Task directions.
Restate word for word only the lines running from the one with "乾燥や毛穴、シミ、くすみなど" to the end of the data, both ends included. Omit any pictures.

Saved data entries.
* * *

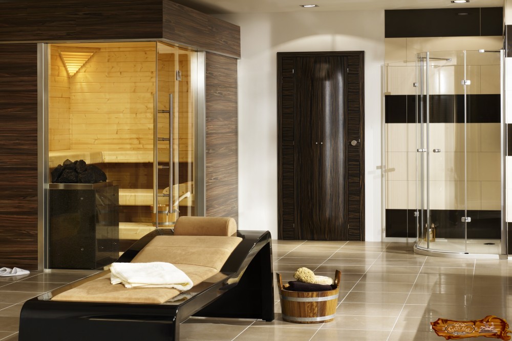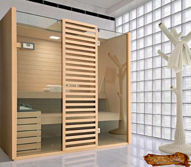 Двери в сауну могут быть выполнены полностью из дерева, включая ручки, а могут быть из закаленного толстого стекла. Они бывают распашными или раздвижными. Ширина проема должна равняться 60 см. Полки для сидения или лежания устраивают в два-три ряда, для удобства уборки их делают съемными. Ширина полок равна примерно 35-55 см.
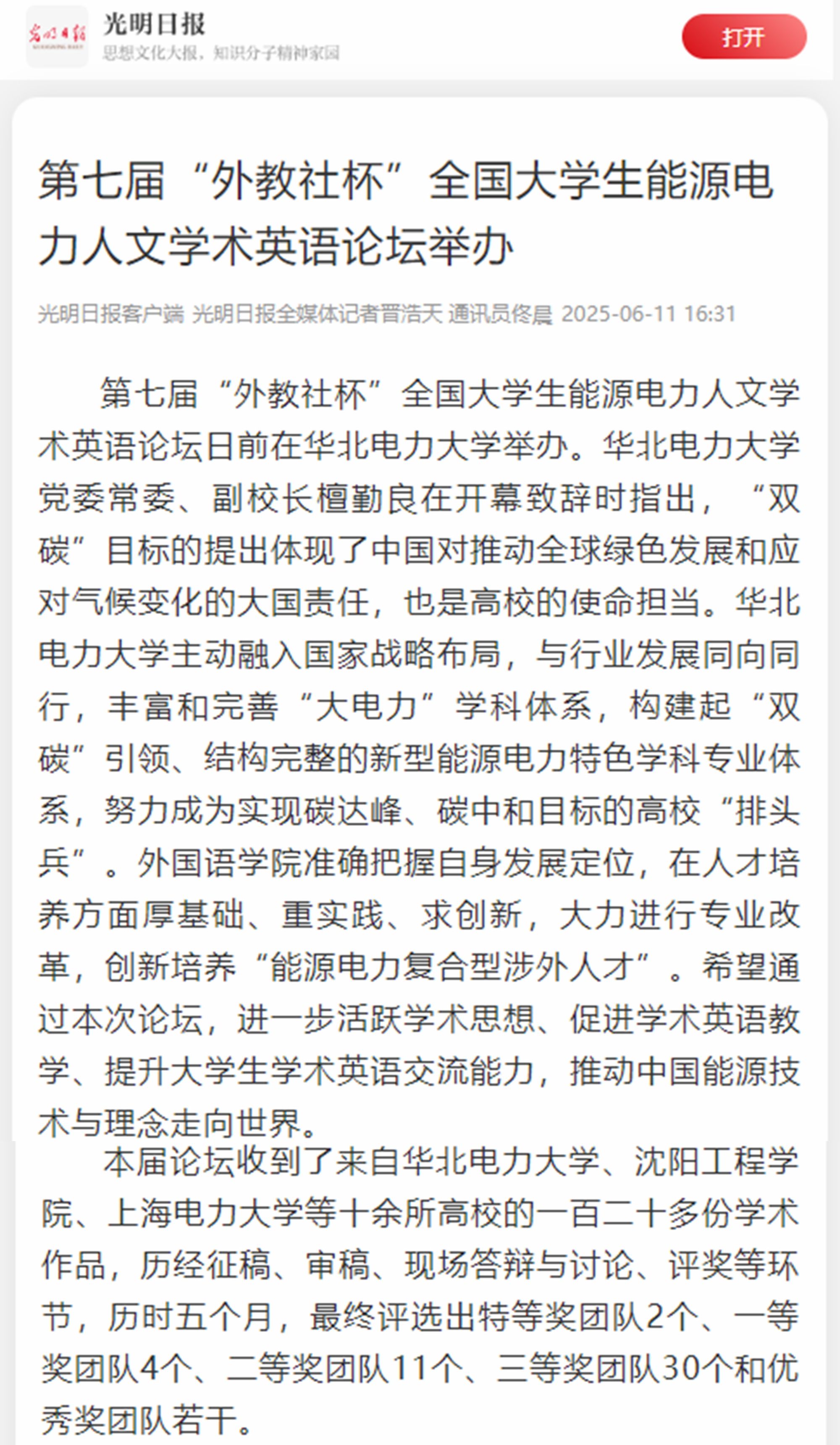 光明日报:第七届“外教社杯”全国大学生能源电力人文学术英语论坛举办
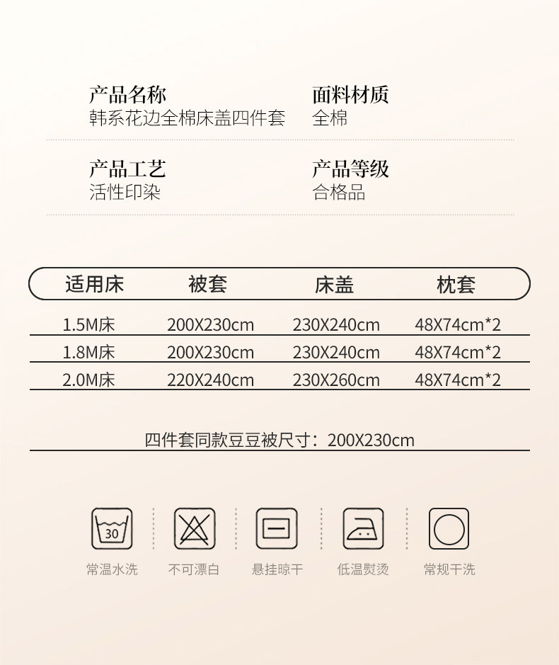 • 230*260cm 침대커버 4피스 이불커버 200*230cm)
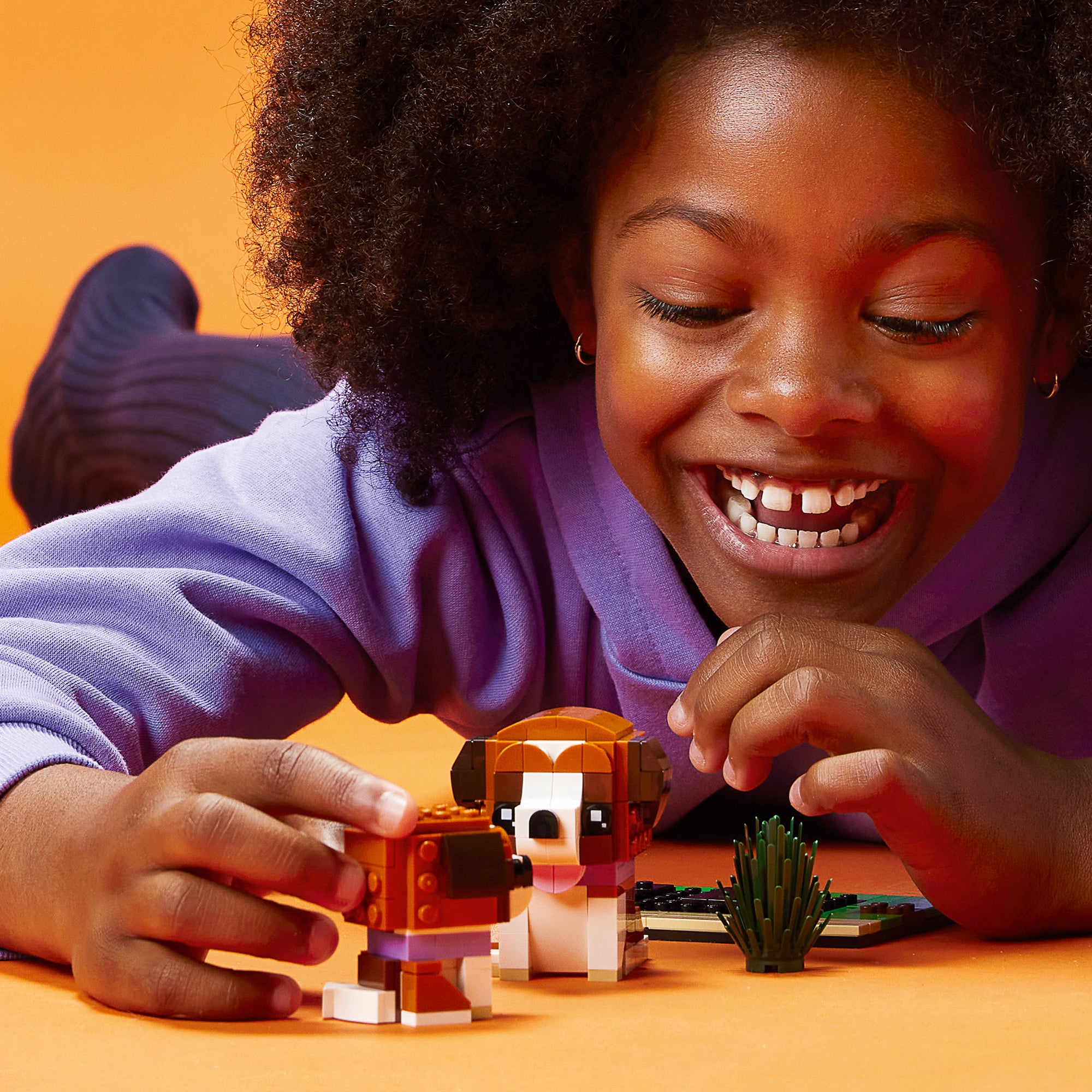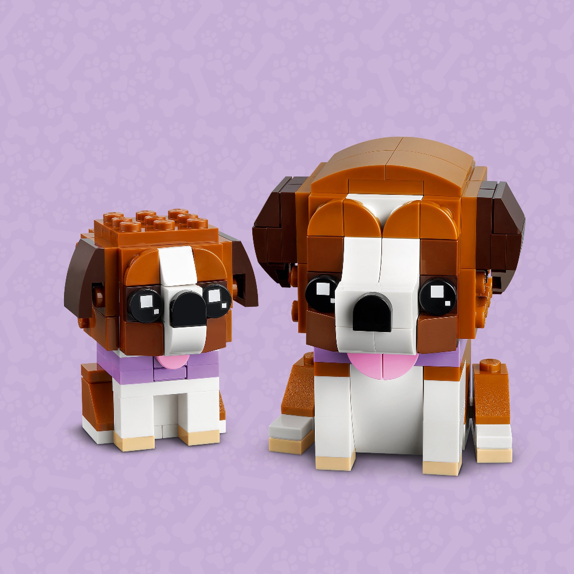 - St. Bernard (40543) dog and puppy in LEGO® BrickHeadz™ form – Two buildable models let kids aged 8 and up enjoy fun pet action
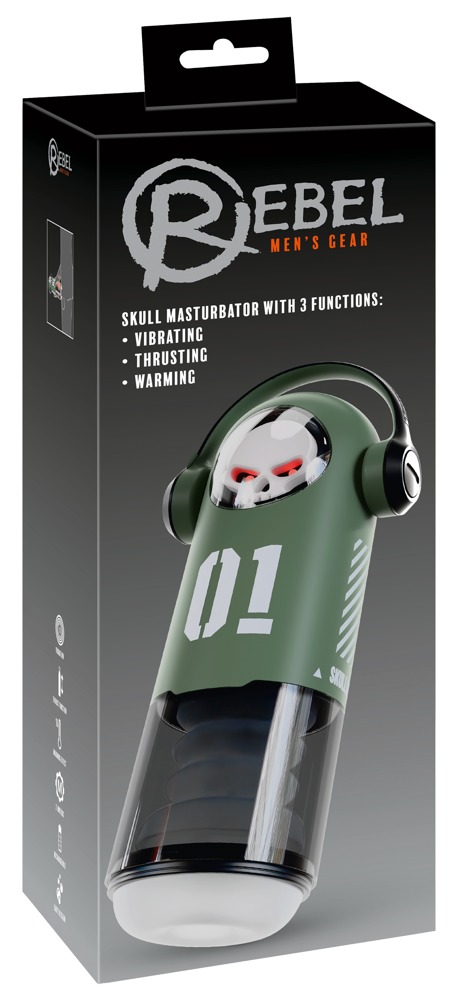 The easy-to-hold SKULL Masturbator with 3 Functions from Rebel in a stylish skull look. It will pleasure the entire penis with penetrating vibrations and a powerful thrusting massage. The warming function quickly gets the masturbator to the right body and operating temperature – and makes the skull’s eyes glow red. The perfect combination of innovative technology and unique design. For unforgettable climaxes!
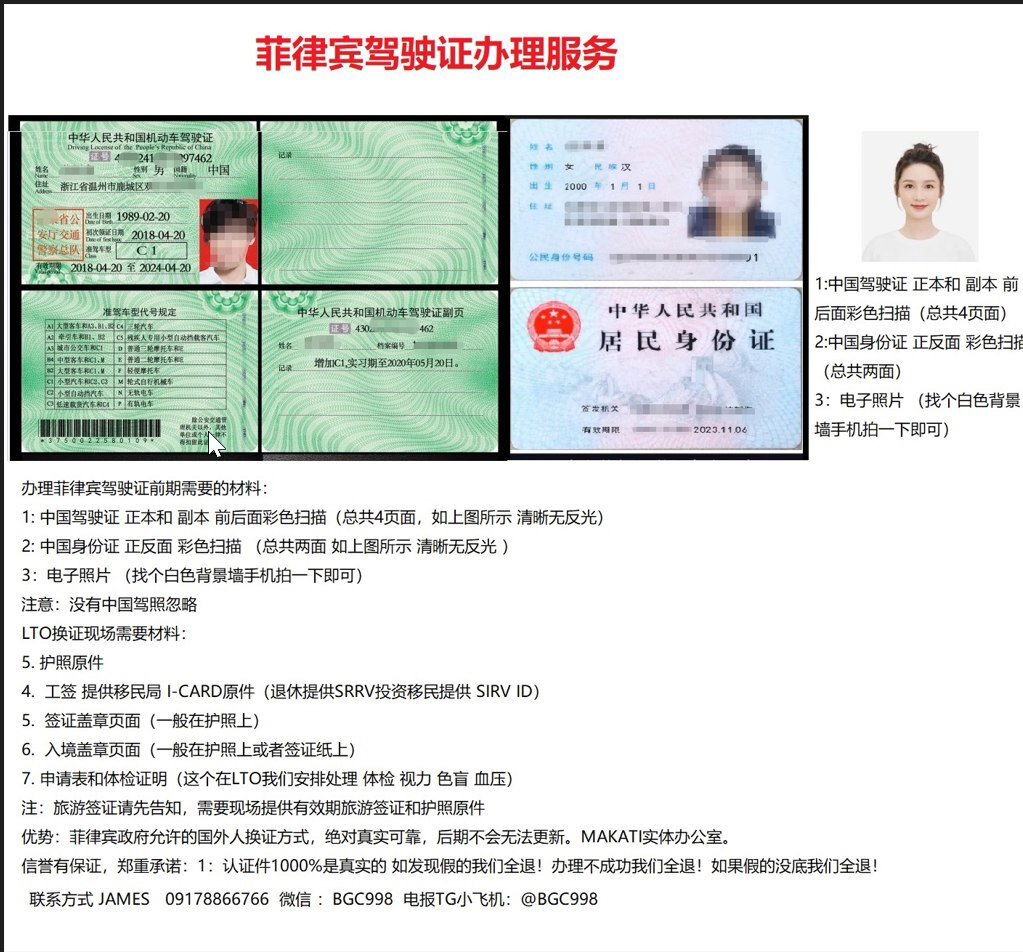 如果您手上有中国驾驶证 需要做另外一个国家的大使馆认证可以联系我们,做其他国家还是菲律宾驾驶证的公正认证都可以服务 有需要可联系欢迎咨询我们了解更多,微信BGC998 电报小飞机 @BGC998 电话/VIBER/WHAT'S APP+63-912-0912-222 优先咨询电报 WHAT'S APP 免验证直接咨询,添加请主动告知咨询事宜 谢谢。
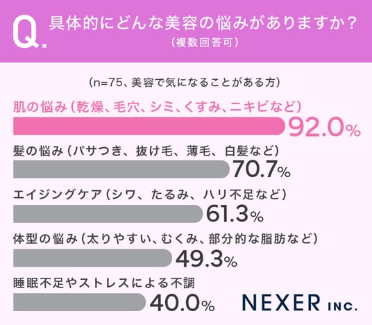 乾燥や毛穴、シミ、くすみなどの「肌の悩み」を抱えている方が92%と群を抜いた結果になりました。
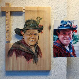 Bringen Sie bitte hochaufgelöste Fotos mit (nur 1 Kopf, wenn möglich mehrere Fotos zur Auswahl). Die Kopfgröße sollte zwischen 12 und 18 cm liegen. Dieser wird 1:1 übertragen und entspricht somit der Originalgröße am Relief. Die fertig geschnitzte Reliefgröße wird ca. 30 x 20 cm betragen.
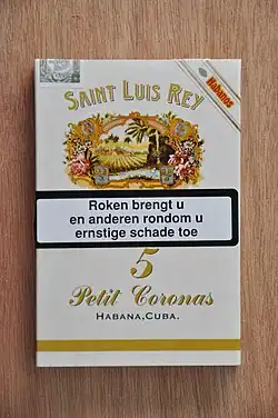 The brand's name is believed to be a reference to either the town of San Luis, Pinar del Río or the popular 1927 novel The Bridge of San Luis Rey by American author Thornton Wilder.[2] The brand was first registered by Zamora y Guerra Co., who were based in Havana.[3] In 1940, the name Saint Luis Rey was registered by two English tobacco importers, Nathan Silverstone and Michael De Keyser.[4][5]

* * *

Answer to the problem.
 乾燥や毛穴、シミ、くすみなどの「肌の悩み」を抱えている方が92%と群を抜いた結果になりました。
 Bringen Sie bitte hochaufgelöste Fotos mit (nur 1 Kopf, wenn möglich mehrere Fotos zur Auswahl). Die Kopfgröße sollte zwischen 12 und 18 cm liegen. Dieser wird 1:1 übertragen und entspricht somit der Originalgröße am Relief. Die fertig geschnitzte Reliefgröße wird ca. 30 x 20 cm betragen.
 The brand's name is believed to be a reference to either the town of San Luis, Pinar del Río or the popular 1927 novel The Bridge of San Luis Rey by American author Thornton Wilder.[2] The brand was first registered by Zamora y Guerra Co., who were based in Havana.[3] In 1940, the name Saint Luis Rey was registered by two English tobacco importers, Nathan Silverstone and Michael De Keyser.[4][5]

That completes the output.